Stimulation of specific brain cells could one day be prescribed to individuals who have autism - to help reduce the difficulty they experience with social interactions.

Research carried out on the brains of mice has not only confirmed a potential area of brain tissue that could be critical for many of the characteristic behaviours in autism, but even hints at a method that could one day correct the impairments it causes in humans.

Scientists from the O'Donnell Brain Institute in Texas have demonstrated in transgenic mice that an area in the cerebellum long associated with autism spectrum disorder (ASD) can be manipulated to both produce autism-like characteristics and reverse them.

While it's important to keep in mind the differences between animal models and humans, the researchers used the same mapping processes on people who didn't have ASD to show we share the same neurology.

Autism and associated disorders are characterised by traits that include difficulties in communicating and socialising, as well as experiencing sensitivities to various stimuli and exhibiting repeated movements such as hand flapping or pacing.

The variety of characteristics and degrees of severity make it hard to pinpoint exact causes of the condition, though enormous headway has been made in recent years in identifying the diverse connections in the brain that could be responsible for many of these traits.

One area which is thought to be responsible is the small walnut-shaped blob at the back of the brain known as the cerebellum, generally known for its role in coordinating precise, practised movements, such as walking or playing an instrument.

In post-mortems of people with ASD, an abnormality in the right hemisphere of a zone called crus cerebellum I (RCrusI) has been consistently linked with those diagnosed with the disorder.

This might make some sense when it comes to repetitive movements, but the researchers had shown in a 2012 study based on mice models that the abnormalities could also impede social interactions.

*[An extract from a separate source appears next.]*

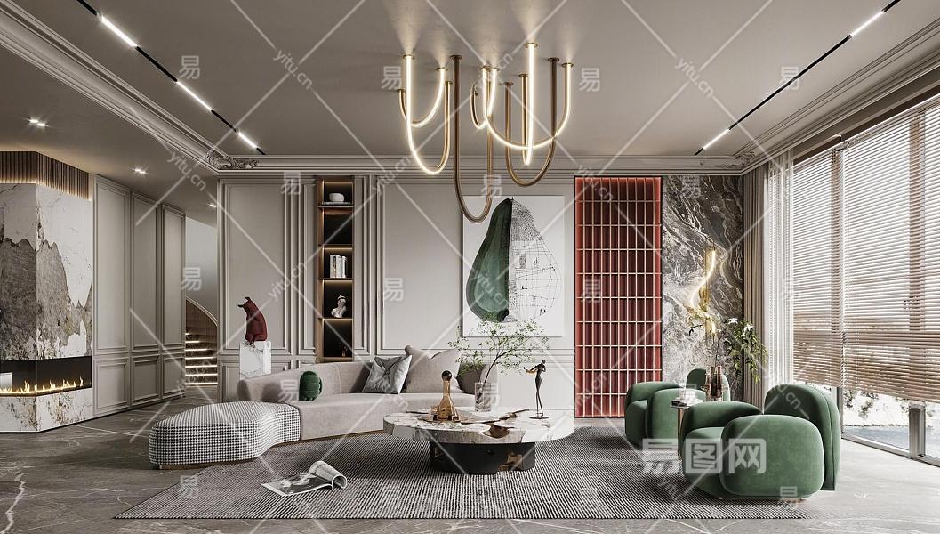 当前的位置:首页 > sketchup > sketchup模型 > 家装 > 客厅 > 法式别墅客厅 弧形沙发 圆形茶几 单人沙发 摆件 雕塑

Following up on the research, scientists in this latest study stimulated the neurons in RCrusI to effectively switch autism-like behaviours on and off, confirming the tissue's connection with the disorder.

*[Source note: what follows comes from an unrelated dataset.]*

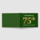 El diseño de este libro de huéspedes incluye el número ordinal "75" con un aspecto falso dorado. También cuenta con un nombre personalizado y un fondo de color verde. Se podría usar en un fiesta para alguien que celebre su cumpleaños setenta y cinco. [~Z0000056]
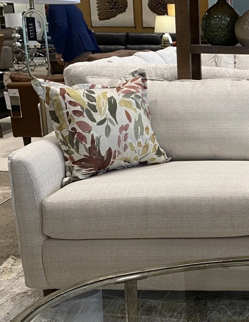 moreThe Kimantha Sofa exudes a beautiful combination of casual appeal with a contemporary flair. Clean lines, exposed wood legs, and flared arms makes this 2-seat sofa the highlight of any living room. Complete with aesthetically pleasing floral accent pillows, this sofa is sure to bring a vibrant and refreshing look to your living room.

"This is potentially quite a powerful finding," says senior researcher Peter Tsai from UT Southwestern Medical Center's Peter O'Donnell Jr. Brain Institute.

"From a therapeutic standpoint, this part of the cerebellum is an enticing target."

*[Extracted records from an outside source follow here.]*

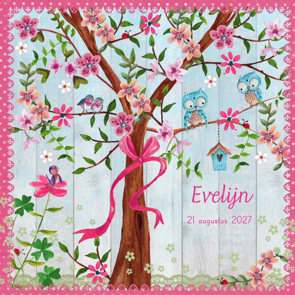 Geboortekaartje meisje met lichtblauw hout en boom met felroze strik. Lieve blauwe uiltjes en roze, zalmkleurige bloemen. (91)
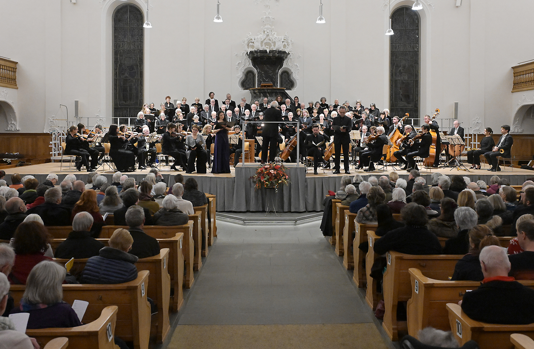 Den Schlusssatz der Bach-Kantate beginnt erneut Tenor Postuma, begleitet vom Cello, bevor das gesamte Orchester und der Oratorienchor einsetzen und das Kirchenschiff der reformierten Kirche Wädenswil gänzlich in eine wohlige Klanghülle verwandelt.
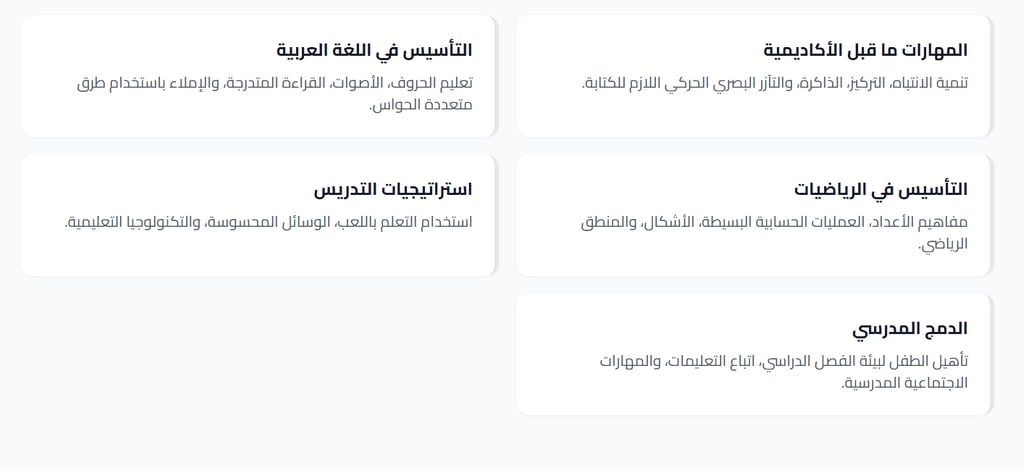برنامجنا لا يقتصر فقط على تعليم القراءة والكتابة، بل يشمل تطوير المهارات النمائية التي تسبق التعلم الأكاديمي، مثل الانتباه، والذاكرة، والإدراك البصري والسمعي. نستخدم استراتيجيات تعليمية حديثة ومبتكرة تجعل من التعلم تجربة ممتعة ومحفزة، مع التركيز على دمج الأطفال في البيئة المدرسية بسلاسة وثقة.

Neuromodulation describes technologies that directly alter the firing of nerves, which can often involve interfering with pain reception in the brain or 'deep brain stimulation' of tissues related to conditions such as Parkinson's disease.

In this case the researchers applied it to the cerebellum and used functional magnetic resonance imaging (fMRI) to map the resulting functional connectivity – the traffic map of brain activity – with the rest of the brain.

Applied to both mice and humans, the study demonstrated we have good reason to think the areas in both reflect each other fairly closely.

The team then used fMRI scans to show the same functional connections are disrupted in children diagnosed with ASD and mice engineered with the rodent equivalent of the disorder.

What's more, when RCrusI functions were disrupted in non-engineered mice, they began to display unusual social behaviours and repetitive actions reminiscent of traits associated with ASD.

Flipping this on its head, the researchers then used specially designed stimulants to artificially increase the rate of firing in the engineered mice's affected cerebellum nerves.

Amazingly, while the repetitive behaviours remained unchanged, the usual signs of social impairments were reduced. Or to use the researcher's jargon, their social behaviours were "rescued".

"Our findings have prompted new thoughts on how the cerebellum may be involved in autism and most importantly suggest that the cerebellum could be a therapeutic target for treatment," says Tsai.

Don't expect some wonder drug to come out any time soon. The stimulants – called designer receptors exclusively activated by designer drugs', or DREADDs – were designed to fit unique chemical locks genetically engineered into the mice's brains.

But using other stimulants to manipulate the firing of the cerebellum's cells could one day be an option for treatment.

It's not a promise of a cure-all. ASD is far more complicated than we ever considered, arising from a mix of faulty genes and environmental factors to affect various neurological circuits that give rise to a whole bunch of characteristics associated with communicating and sensing.

But the social impairments arising from ASD can be among the most stressful, so any research that helps us better understand these aspects and even find a way to treat them is to be celebrated. 

This research was published in Nature Neuroscience.